Entre imagens. David Lynch ou a arte do invisível
Confirmando o empenho com que alguns distribuidores e exibidores da chamada área independente continuam a lidar com as memórias multifacetadas do cinema, o ano cinematográfico começou com uma temporada dedicada a David Lynch (que celebrará 79 anos no próximo dia 20). Assim, com chancela da Nitrato Filmes, surge o ciclo “Os enigmas de Lynch” em que vamos poder ver ou rever: Eraserhead: No Céu Tudo é Perfeito (1977), a sua primeira longa-metragem, O Homem Elefante (1980), Uma História Simples (1999), Mulholland Drive (2001) e Inland Empire (2006) - para já, em Lisboa (Nimas) e Porto (Trindade), depois com exibição alargada a outras cidades, até 26 de fevereiro.

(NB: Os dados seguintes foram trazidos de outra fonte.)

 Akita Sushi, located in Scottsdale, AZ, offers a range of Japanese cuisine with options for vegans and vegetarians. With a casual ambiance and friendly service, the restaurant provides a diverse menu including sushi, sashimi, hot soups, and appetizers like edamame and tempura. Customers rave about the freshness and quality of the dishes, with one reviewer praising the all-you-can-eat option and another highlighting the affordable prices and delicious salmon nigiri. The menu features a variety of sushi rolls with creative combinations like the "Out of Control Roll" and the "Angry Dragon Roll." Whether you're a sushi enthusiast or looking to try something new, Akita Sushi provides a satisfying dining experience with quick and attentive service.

O fascínio de Lynch começa na dificuldade de classificação da diversidade do seu labor. Inland Empire, quase a fazer 20 anos, é o seu mais recente trabalho “tradicional” para cinema, já que, depois disso, além dos muitos e variados vídeos publicados no YouTube, Lynch tem feito exposições, lançou uma continuação de Twin Peaks em televisão (Twin Peaks: The Return, 2017), filmou um concerto dos Duran Duran (Duran Duran: Unstaged, 2011) e concretizou vários projetos musicais, o mais recente dos quais o álbum Cellophane Memories, com a cantora Chrystabell, que surgiu no verão do ano que passou.

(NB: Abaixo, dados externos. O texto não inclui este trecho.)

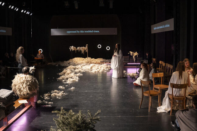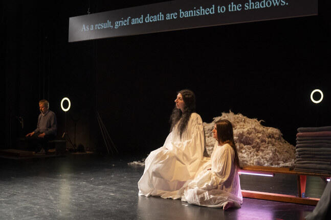Die Ordensfrau hatte während ihrer Meditationen Unmengen von Visionen, die wohl auch manchem Kirchenoberen nicht geheuer waren. Sie setzte sich ein für die Bewahrung der Schöpfung und betrachtete Mensch und Natur als eine unteilbare, untrennbare Einheit. Anagoor verlängert ihre fast 1000 Jahre alten Zukunftsvisionen und -konzepte in die Gegenwart, die Gedanken der Heiligen dabei sanft aktualisierend. Den Menschen als Teil der „Familie der Dinge“ zu betrachten, angesichts der Zerstörung unseres Planeten eine neue Verbindung zur Natur zu suchen – auch das ist ein Anliegen, das die Künstler mit Hildegard von Bingen teilen. Von deren Theorien der Verflechtung des Menschen mit Pflanzen und Tieren kommen sie auf bedrohte Korallenriffe, das Schmelzen der Polkappen und letztendlich den drohenden Zusammenbruch der Demokratie, ohne dass die Aufführung den Tonfall der Poesie und der Trauer verlässt. Allenfalls wenn plötzlich von „organisierten“ Schiffbrüchen von Migranten-Booten, von „genehmigten“ Völkermorden etc. die Rede ist, droht die Inszenierung in ideologisches Fahrwasser mit politischen Kampfparolen zu geraten.
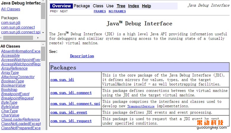 JDI屬于JPDA中上層接口,也是Java程序員接觸的比較多的。他用起來也比較簡單,參考JDI的API Doc即可。所有的功能都和JVMTI提供的調試功能一一對應的(JVMTI還包括很多非調式接口,JDK5以前JVMTI是分為JVMDI和JVMPI的,分別對應調試debug和調優profile)。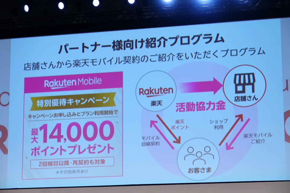楽天グループでは、楽天市場の加盟店が楽天モバイルをユーザーに紹介し、ユーザーが回線契約すると、加盟店に活動協力金が進呈される紹介プログラムを実施している。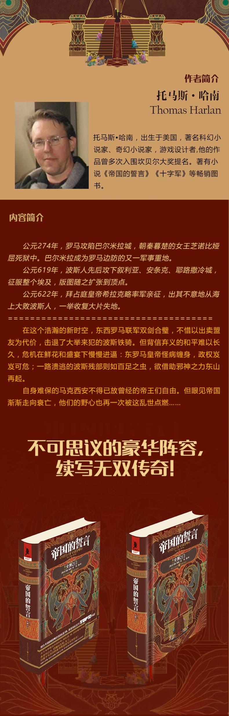 由美国托马斯·哈南所著、何静翻译的《帝国的誓言(卷2火神之门)(精)》一书讲述了:公元274年,罗马攻陷巴尔米拉城,朝秦暮楚的女王芝诺比娅屈死狱中。巴尔米拉成为罗马边防的又一军事重地。公元619年,波斯人先后攻下叙利亚、安条克、耶路撒冷城,征服整个埃及,版图随之扩张到顶点。公元622年,拜占庭皇帝希拉克略率军亲征,出其不意地从海上大败波斯人,一举收复大片失地。

Há um persistente lugar-comum que tenta “encaixar” a obra de Lynch em padrões do cinema de terror. Trata-se de uma definição dificilmente sustentável em relação a modelos do cinema clássico, mesmo não esquecendo que Eraserhead se apresenta como um retrato da inusitada convivência do protagonista com algo de monstruoso, e totalmente inadequada face aos valores (ou à falta deles) que distinguem algumas formas contemporâneas do dito terror.

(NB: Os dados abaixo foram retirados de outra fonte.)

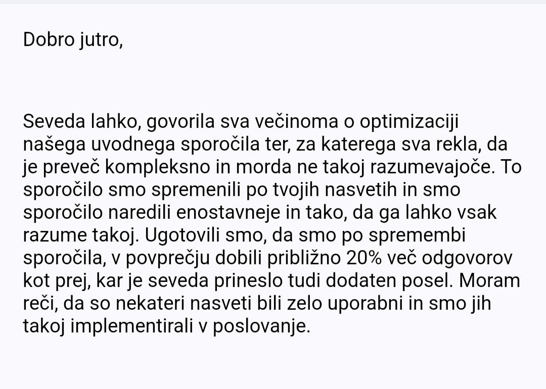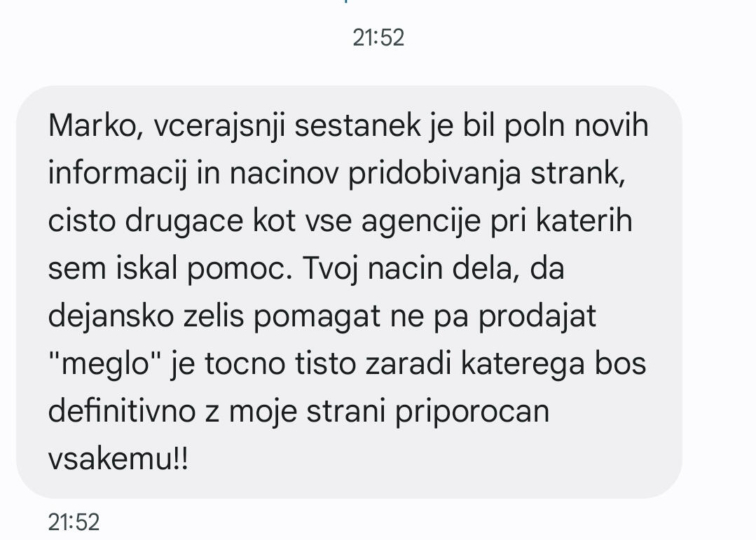 - Ti mi pošlješ ime svojega podjetja in tvoje marketing materiale.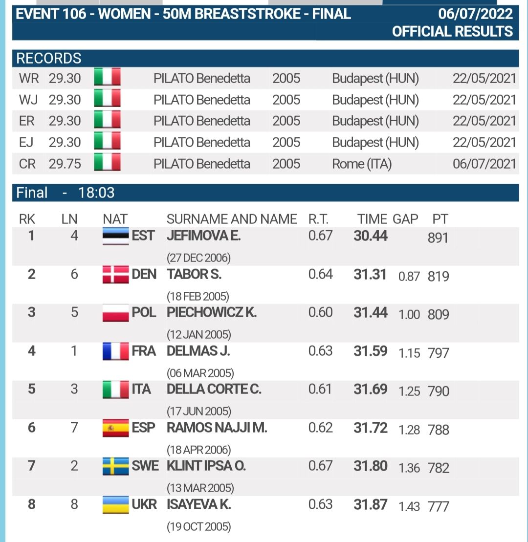 Nuestra joven nadadora María Ramos Najji ha terminado su participación en el Campeonato de Europa Junior logrando un grandísimo 6° puesto en la prueba 50 Braza y 13° puesto en la prueba 100 Braza.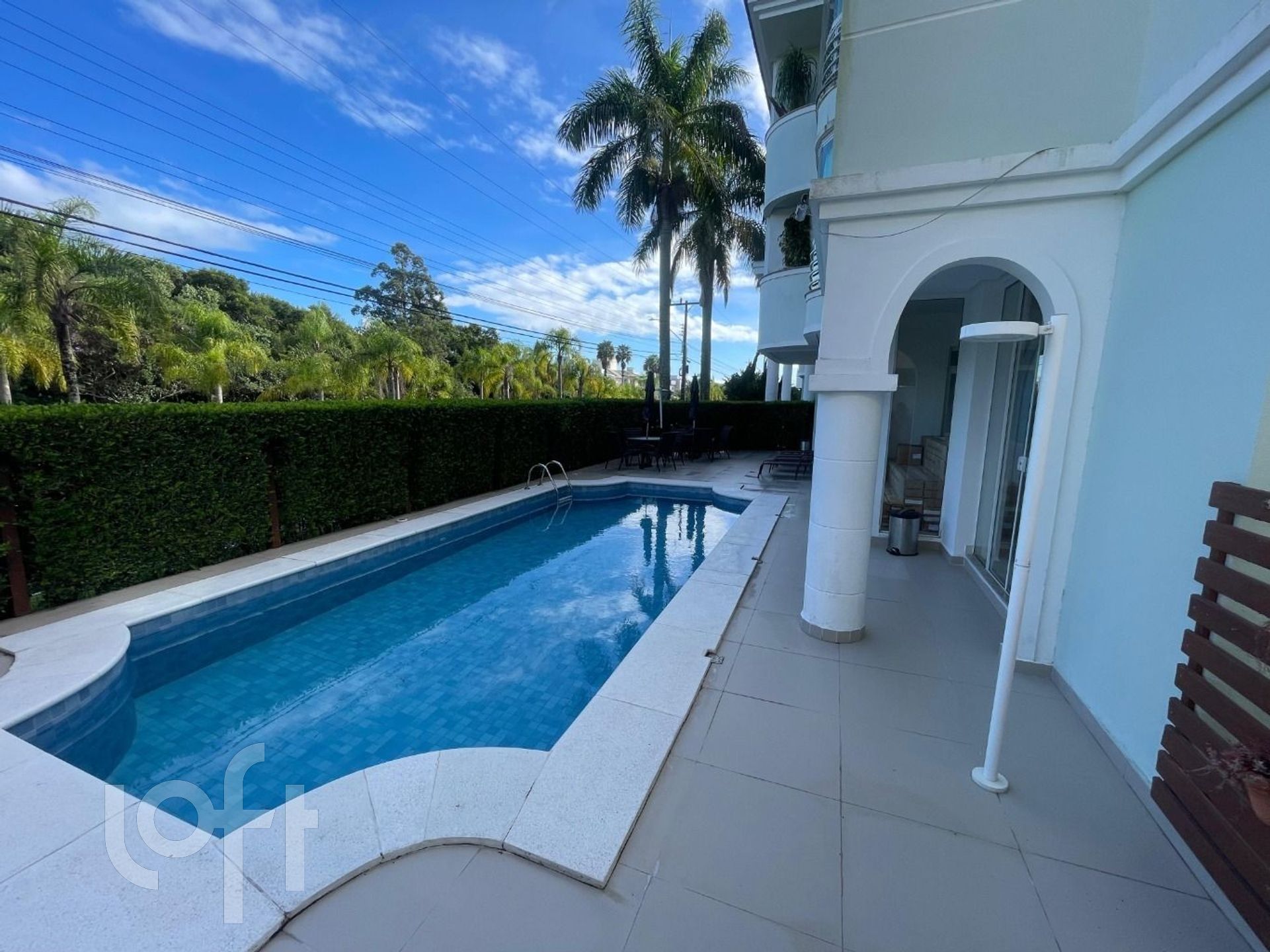 Condomínio com piscina, salão de festas e espaço gourmet.

Aliás, este ciclo permite reencontrar dois filmes do mais fino classicismo: O Homem Elefante, em que o caso verídico de um homem tragicamente deformado se transfigura num drama subtil sobre Londres na época vitoriana, e Uma História Simples, centrado na odisseia, carregada de ternura, de um veterano da Segunda Guerra Mundial que faz uma longa viagem (de trator...) para uma visita de reconciliação com o seu irmão.
Nada disto, entenda-se, é estranho a uma desconcertante ambiguidade que talvez possamos resumir num aforismo “lynchiano”: os sinais imediatos do quotidiano convocam-nos sempre para algo que permanece invisível. Será preciso acrescentar que o cinema, nascido para lidar com o visível, superando a quietude da fotografia, enfrenta, assim, um fascinante desafio figurativo e filosófico?
Precisamente contra as vulgaridades de muito terror contemporâneo, o cinema de Lynch consegue a proeza singular de propor uma aproximação dos corpos e objetos com algo de realista, a partir daí sugerindo (ou melhor, mostrando) que qualquer contexto a que chamamos “real” é feito de infinitas camadas de impulsos imaginários que põem em causa qualquer ilusão de transparência. Será também preciso lembrar que, à sua maneira, a série televisiva Twin Peaks era uma metódica desmontagem das mentiras “naturalistas” que contaminam muitos aspetos do mundo da televisão?
Repito essa palavra: camadas. Observando estes (e outros) filmes de Lynch, podemos verificar que há nele um gosto de sobreposição das imagens - a chamada “fusão” de uma imagem noutra - que, afinal, paradoxalmente ou não, o aproxima de algumas linguagens clássicas. Mulholland Drive e Inland Empire são, nesse aspeto, dois prodigiosos exercícios que nos recordam tudo aquilo que pode haver de indecifrável nos comportamentos humanos. O medo que isso faz encontra o seu resgate na arte cinematográfica e na sua inclassificável beleza.